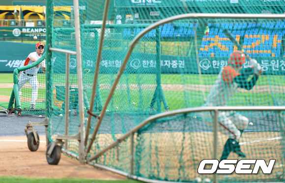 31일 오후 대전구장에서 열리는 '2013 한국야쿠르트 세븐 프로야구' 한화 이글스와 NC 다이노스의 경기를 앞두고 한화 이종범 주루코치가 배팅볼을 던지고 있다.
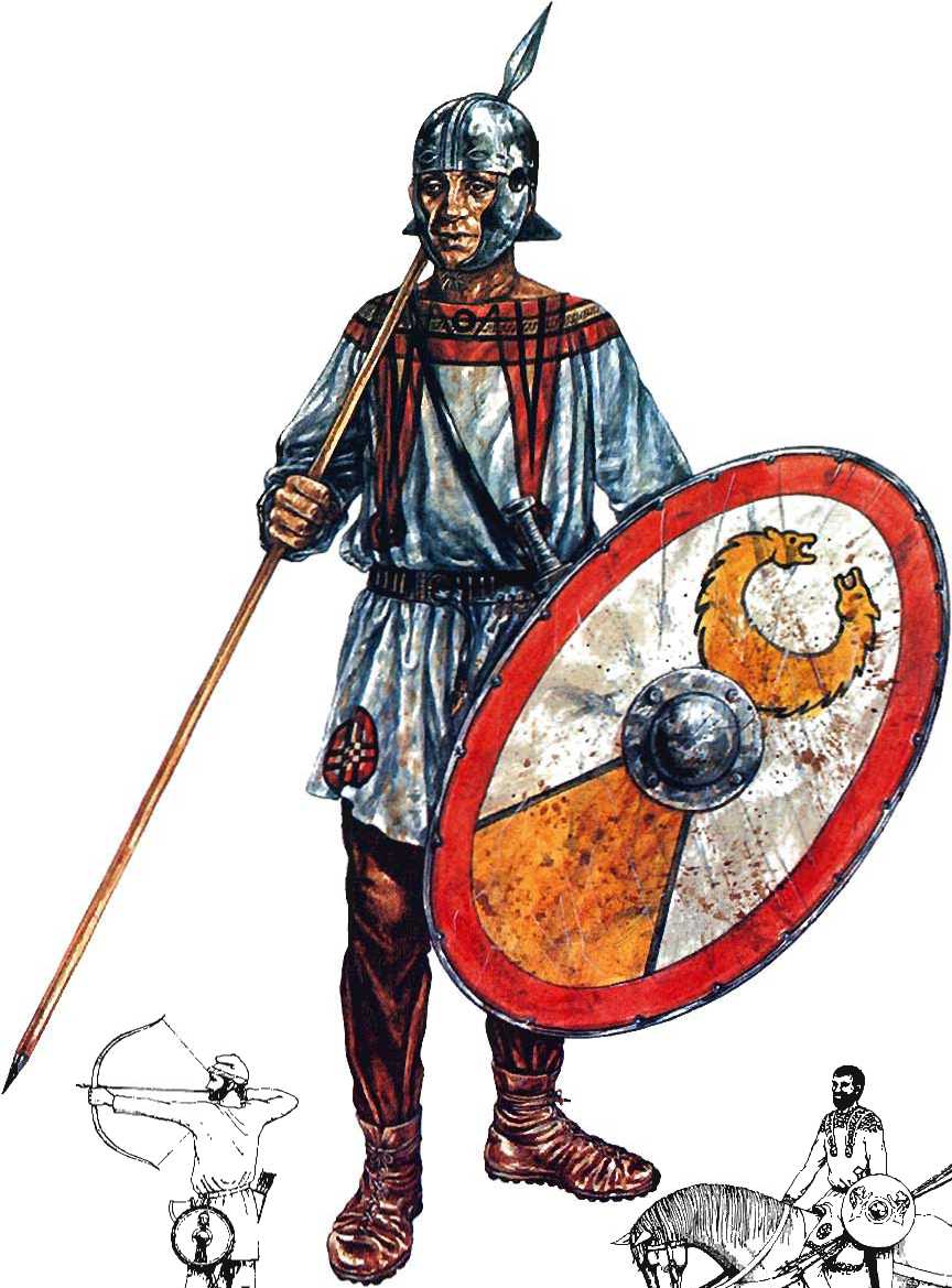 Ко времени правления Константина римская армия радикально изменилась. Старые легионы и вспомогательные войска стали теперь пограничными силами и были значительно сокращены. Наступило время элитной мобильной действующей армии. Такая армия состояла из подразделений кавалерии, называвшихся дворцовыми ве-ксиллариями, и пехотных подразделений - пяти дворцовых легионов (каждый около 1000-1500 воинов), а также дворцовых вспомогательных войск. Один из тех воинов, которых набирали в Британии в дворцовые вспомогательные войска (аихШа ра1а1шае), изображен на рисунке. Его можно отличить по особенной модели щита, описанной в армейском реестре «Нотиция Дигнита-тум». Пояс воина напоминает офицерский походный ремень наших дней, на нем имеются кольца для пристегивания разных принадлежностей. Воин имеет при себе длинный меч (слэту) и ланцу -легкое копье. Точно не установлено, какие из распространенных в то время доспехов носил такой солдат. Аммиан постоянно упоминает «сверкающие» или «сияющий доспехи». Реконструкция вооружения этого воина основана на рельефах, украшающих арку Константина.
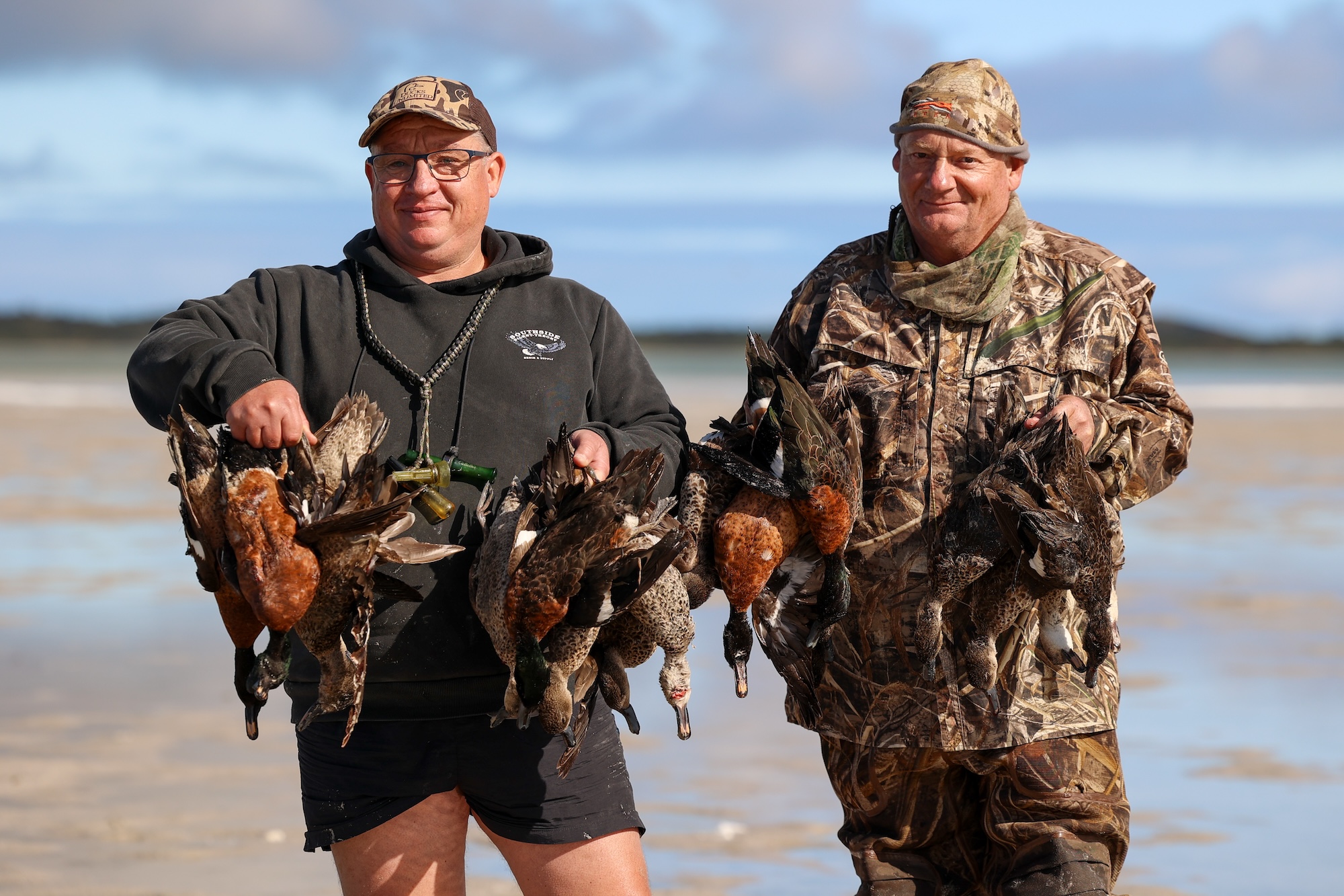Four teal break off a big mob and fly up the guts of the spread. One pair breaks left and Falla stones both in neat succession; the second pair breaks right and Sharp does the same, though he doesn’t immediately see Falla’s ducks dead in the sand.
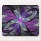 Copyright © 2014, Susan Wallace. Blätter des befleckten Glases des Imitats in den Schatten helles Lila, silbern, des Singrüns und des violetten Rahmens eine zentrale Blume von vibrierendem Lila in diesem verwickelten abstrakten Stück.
◆ ◆ ◆ ◆
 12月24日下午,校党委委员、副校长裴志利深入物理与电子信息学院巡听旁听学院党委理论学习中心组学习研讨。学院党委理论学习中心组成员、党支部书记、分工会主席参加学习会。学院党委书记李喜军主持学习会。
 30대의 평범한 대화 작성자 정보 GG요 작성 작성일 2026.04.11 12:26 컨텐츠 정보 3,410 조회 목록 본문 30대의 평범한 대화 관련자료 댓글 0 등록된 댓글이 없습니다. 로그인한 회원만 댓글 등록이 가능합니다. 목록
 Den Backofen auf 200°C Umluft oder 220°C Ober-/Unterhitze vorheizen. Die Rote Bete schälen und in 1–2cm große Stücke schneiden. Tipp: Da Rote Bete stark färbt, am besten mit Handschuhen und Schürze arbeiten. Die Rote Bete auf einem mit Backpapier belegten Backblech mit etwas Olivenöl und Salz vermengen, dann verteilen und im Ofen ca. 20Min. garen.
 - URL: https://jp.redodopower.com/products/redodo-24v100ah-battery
◆ ◆ ◆ ◆
= What you should do =
Copy exactly the lines of the entries above from the one containing "31일 오후 대전구장에서" through the one containing "Copyright © 2014, Susan". Both end lines count; pictures do not.

= Result below =
 31일 오후 대전구장에서 열리는 '2013 한국야쿠르트 세븐 프로야구' 한화 이글스와 NC 다이노스의 경기를 앞두고 한화 이종범 주루코치가 배팅볼을 던지고 있다.
 Ко времени правления Константина римская армия радикально изменилась. Старые легионы и вспомогательные войска стали теперь пограничными силами и были значительно сокращены. Наступило время элитной мобильной действующей армии. Такая армия состояла из подразделений кавалерии, называвшихся дворцовыми ве-ксиллариями, и пехотных подразделений - пяти дворцовых легионов (каждый около 1000-1500 воинов), а также дворцовых вспомогательных войск. Один из тех воинов, которых набирали в Британии в дворцовые вспомогательные войска (аихШа ра1а1шае), изображен на рисунке. Его можно отличить по особенной модели щита, описанной в армейском реестре «Нотиция Дигнита-тум». Пояс воина напоминает офицерский походный ремень наших дней, на нем имеются кольца для пристегивания разных принадлежностей. Воин имеет при себе длинный меч (слэту) и ланцу -легкое копье. Точно не установлено, какие из распространенных в то время доспехов носил такой солдат. Аммиан постоянно упоминает «сверкающие» или «сияющий доспехи». Реконструкция вооружения этого воина основана на рельефах, украшающих арку Константина.
Four teal break off a big mob and fly up the guts of the spread. One pair breaks left and Falla stones both in neat succession; the second pair breaks right and Sharp does the same, though he doesn’t immediately see Falla’s ducks dead in the sand.
 Copyright © 2014, Susan Wallace. Blätter des befleckten Glases des Imitats in den Schatten helles Lila, silbern, des Singrüns und des violetten Rahmens eine zentrale Blume von vibrierendem Lila in diesem verwickelten abstrakten Stück.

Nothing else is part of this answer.